Portia, meanwhile, walked over to one of the windows at one side of the drawbridge. An ambulance and two police cars, a panel of lights flashing across the top of each, were pulled up outside. Five policemen were on the lawn, staring helplessly across at her. Not knowing what else to do, she waved and then with her forefinger and smallest finger, mimicked someone talking on a telephone. One of the men, small and white-haired, sprinted over to his car; minutes later the phone rang at the reception des
k. St. Just ran over and picked it up.
"Yes, it's murder," Portia heard him say as she approached. "Is fire on the way? Good. You'll need a ladder and some way to winch up a portable generator. Yes, I know, it's incredible they didn't realize. A fuel-generated power source would have prevented it."
So it was that half an hour later, the hotel guests, who by this point had gathered in Mrs. Elksworthy's room, as having the best view, were treated to the sight of firemen wading waist deep in moat muck over to the base of the castle, carrying overhead a ladder up which they proceeded to climb, and gaining entry through one of the lower, unused bedrooms. Two men carrying a generator in a sling followed behind; it was hoisted knapsack-style by the two men at the window. St. Just, Portia, and Donna were there to greet them.

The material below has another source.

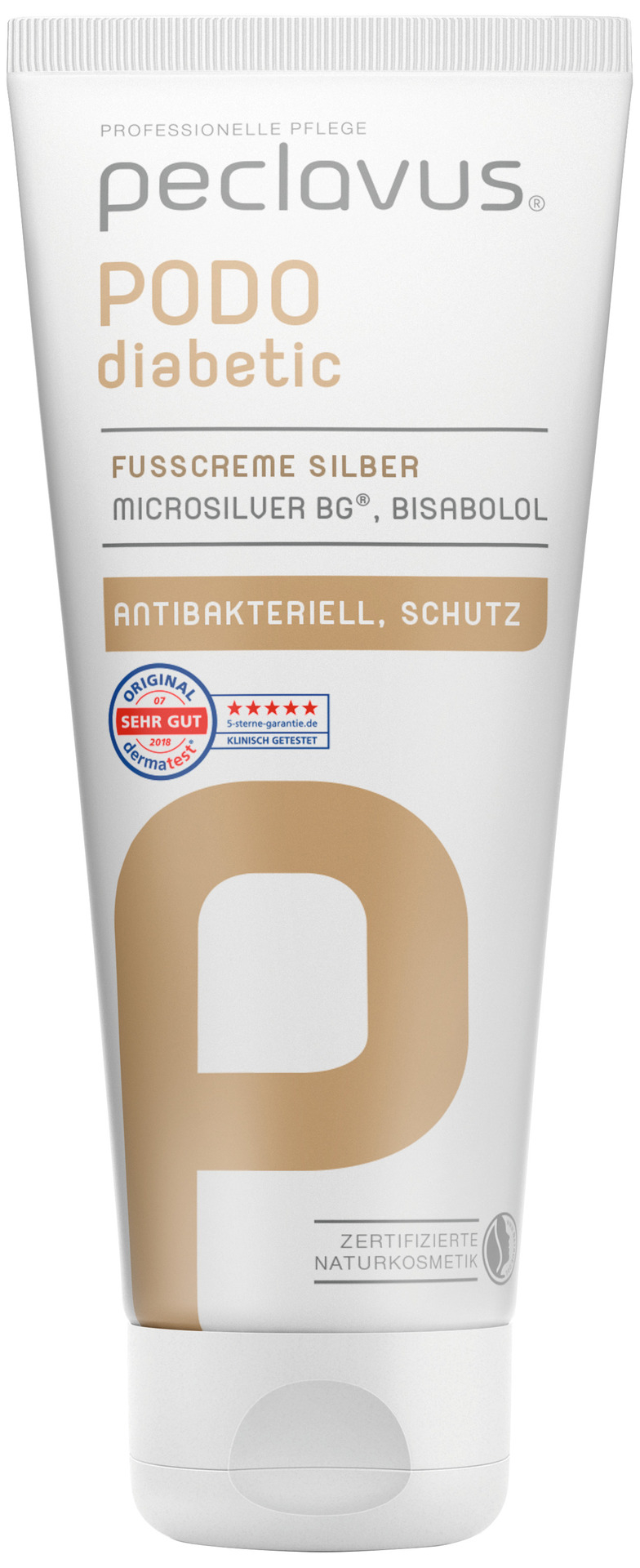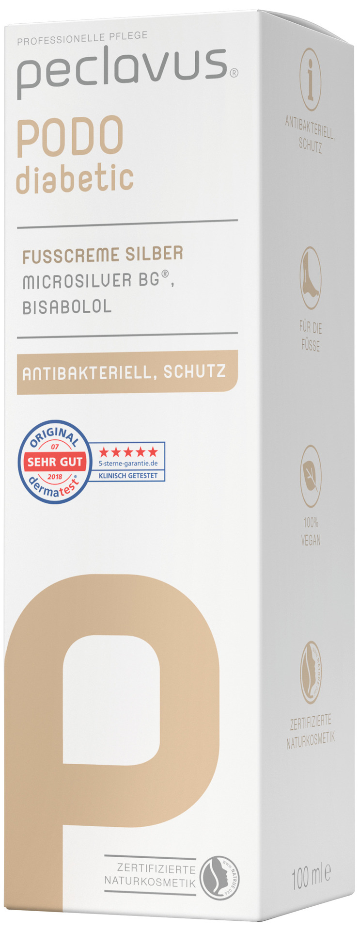 Die peclavus® PODOdiabetic Fußcreme Silber ist eine besonders sanfte Pflege für sensible Füße. Durch die erprobte Formel mit antibakteriell wirkendem MicroSilver BG® und Bisabolol wird die anfällige, diabetische Haut vor schädlichen Keimen und Entzündungen geschützt. Wertvolle Öle pflegen die Haut spürbar – auch für neurodermitische Haut geeignet. Ohne synthetische Duft-, Konservierungs- und Farbstoffe. Hautverträglichkeit klinisch getestet.

"We'll need the guests' cooperation," said St. Just. "Everything that isn't powering that drawbridge will have to remain shut off."
Donna went to find Robbie and his maintenance crew. Some time later, to the sound of faint cheering from Mrs. Elksworthy's room, the grind and moan of the drawbridge coming down could be heard.
____________________
"DCI St. Just of the Cambridgeshire Constabulary," he said, and held out a hand to the Scottish DCI, resisting the temptation to bend at the knees to meet him on a more level playing field. Ian Moor was an elfin man who must just have passed the height requirement for acceptance onto the force. He wore a handlebar moustache that looked pasted on but undoubtedly was real-two dramatic white swoops that cupped either side of his round face. It was a face mobile and alive with an expression of happy anticipation; his eyes twinkled with evident pleasure at having a brand new case to solve.
St. Just pulled out his wallet and opened it with a reflexive snap. Moor took the leather holder from his hand and stared at his photo ID with the gimlet eye of a museum curator presented with a suspicious artifact. Then, ostensibly satisfied, he closed the wallet with deliberate care before handing it back.